*ACTIVITY*.
Lines from the one containing "Pero al igual" through the final line of the data, restated word for word and free of pictures, make up the whole answer.

======== GIVEN DATA ========

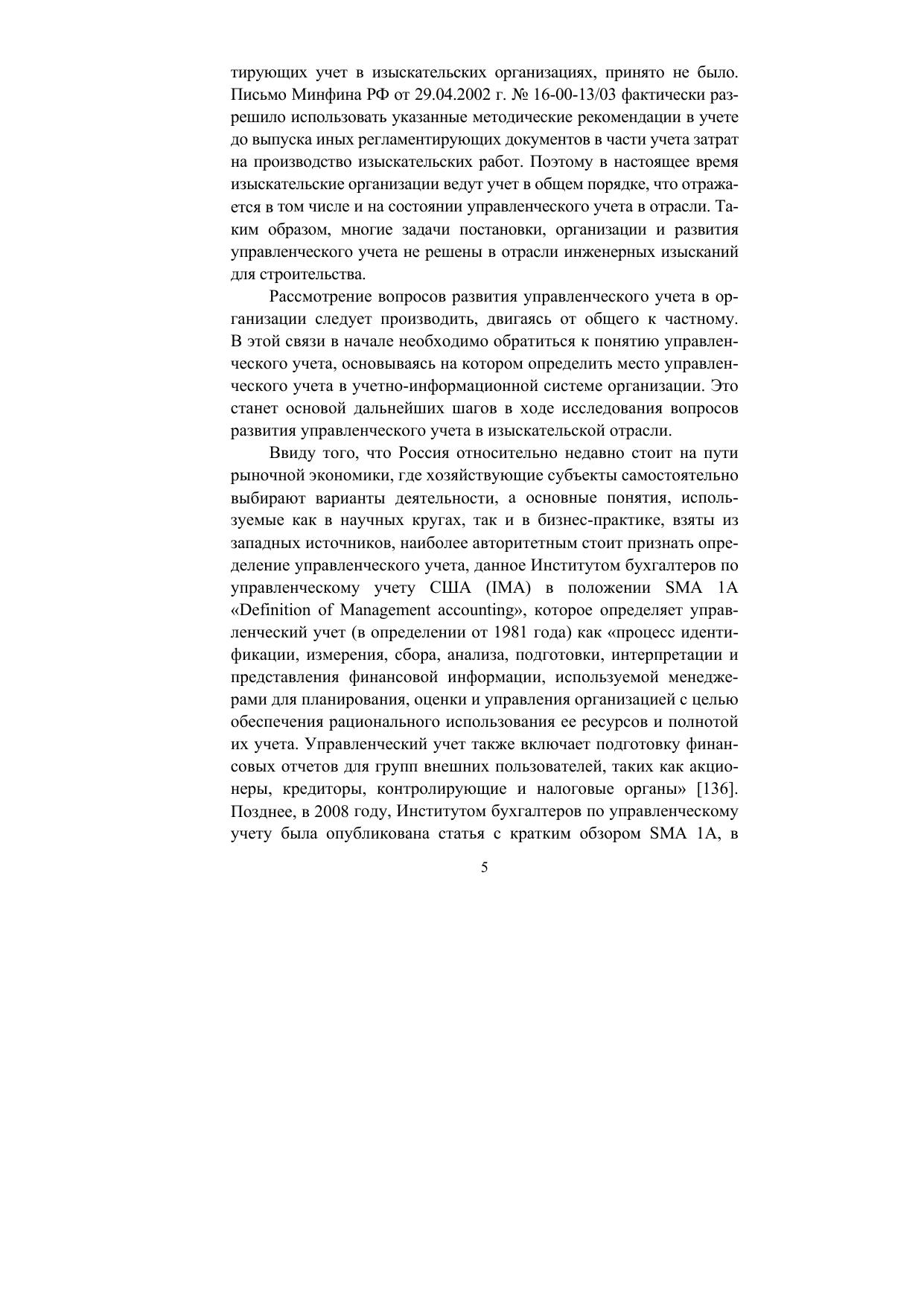 Современное состояние и развитие управленческого учета в изыскательских организациях
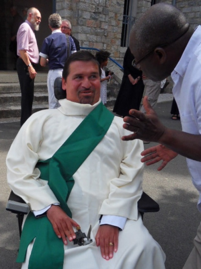 Pero al igual que le ocurrió en el ámbito laboral tampoco lo tuvo fácil en el eclesial. En aquel momento era el diácono permanente más joven de Francia, pero sobre todo era tetrapléjico. Hubo mucho debate en la comunidad católica local. “Cuando fui ordenado surgieron preguntas: ‘¿Cómo lo va a hacer? No tiene brazos ni piernas, no puede coger al bebé para el bautismo…’. Algunos padres se negaron a que bautizara a su bebé pensando que las acciones que no puedo realizar harían disminuir el sacramento. Fue muy doloroso para mí. Mi obispo intervino escribiendo una carta en la que decía que mi esposa, en nombre del sacramento del matrimonio, sería mis manos. Y es lo que ella hace. Es muy bonito”, contaba a la web de la Diócesis de Angulema.
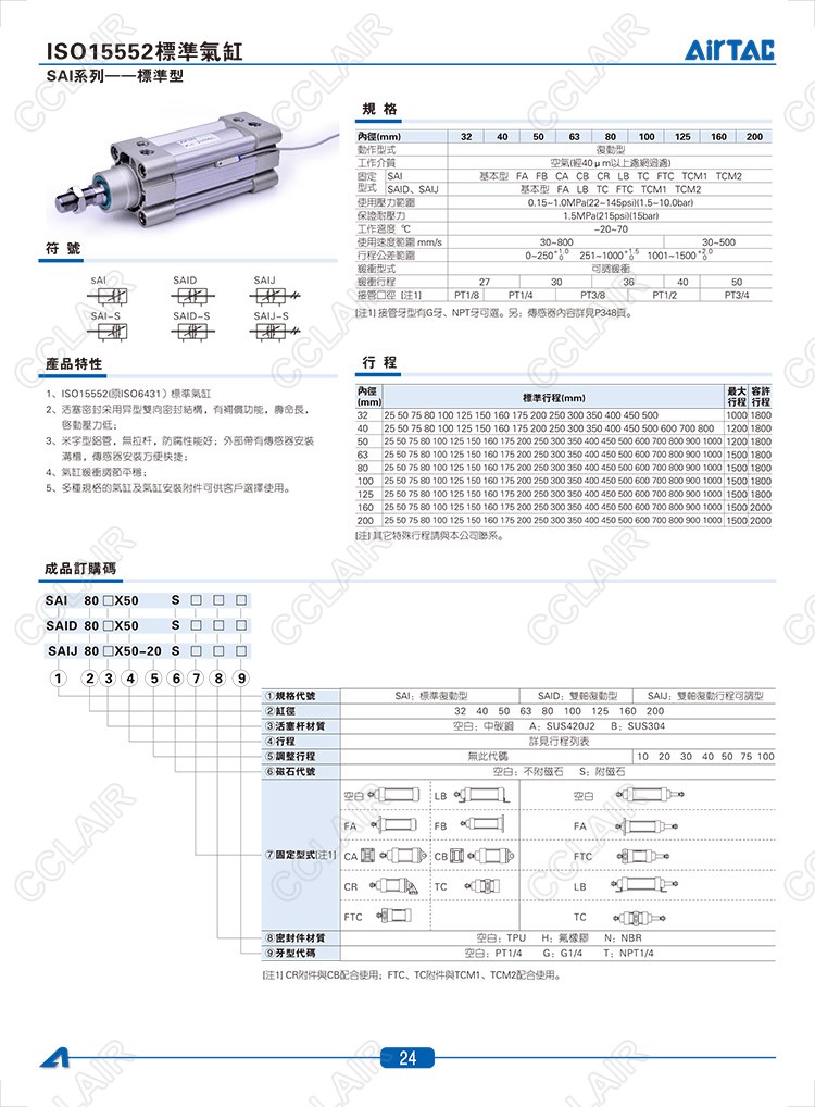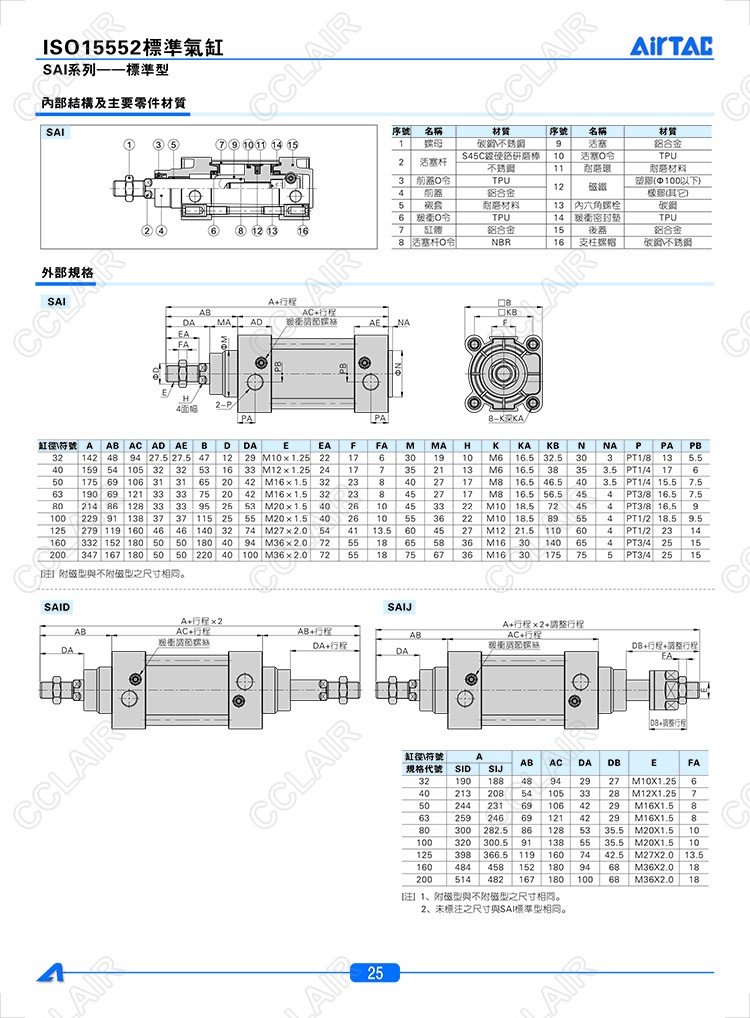 SAI32*25,SAI32*25-S,SAID32*25,SAID32*25-S,SAIJ32*25,SAIJ32*25-S,AIRTAC亞德客標準型氣缸

========

*YOUR SOLUTION*.
 Pero al igual que le ocurrió en el ámbito laboral tampoco lo tuvo fácil en el eclesial. En aquel momento era el diácono permanente más joven de Francia, pero sobre todo era tetrapléjico. Hubo mucho debate en la comunidad católica local. “Cuando fui ordenado surgieron preguntas: ‘¿Cómo lo va a hacer? No tiene brazos ni piernas, no puede coger al bebé para el bautismo…’. Algunos padres se negaron a que bautizara a su bebé pensando que las acciones que no puedo realizar harían disminuir el sacramento. Fue muy doloroso para mí. Mi obispo intervino escribiendo una carta en la que decía que mi esposa, en nombre del sacramento del matrimonio, sería mis manos. Y es lo que ella hace. Es muy bonito”, contaba a la web de la Diócesis de Angulema.
 SAI32*25,SAI32*25-S,SAID32*25,SAID32*25-S,SAIJ32*25,SAIJ32*25-S,AIRTAC亞德客標準型氣缸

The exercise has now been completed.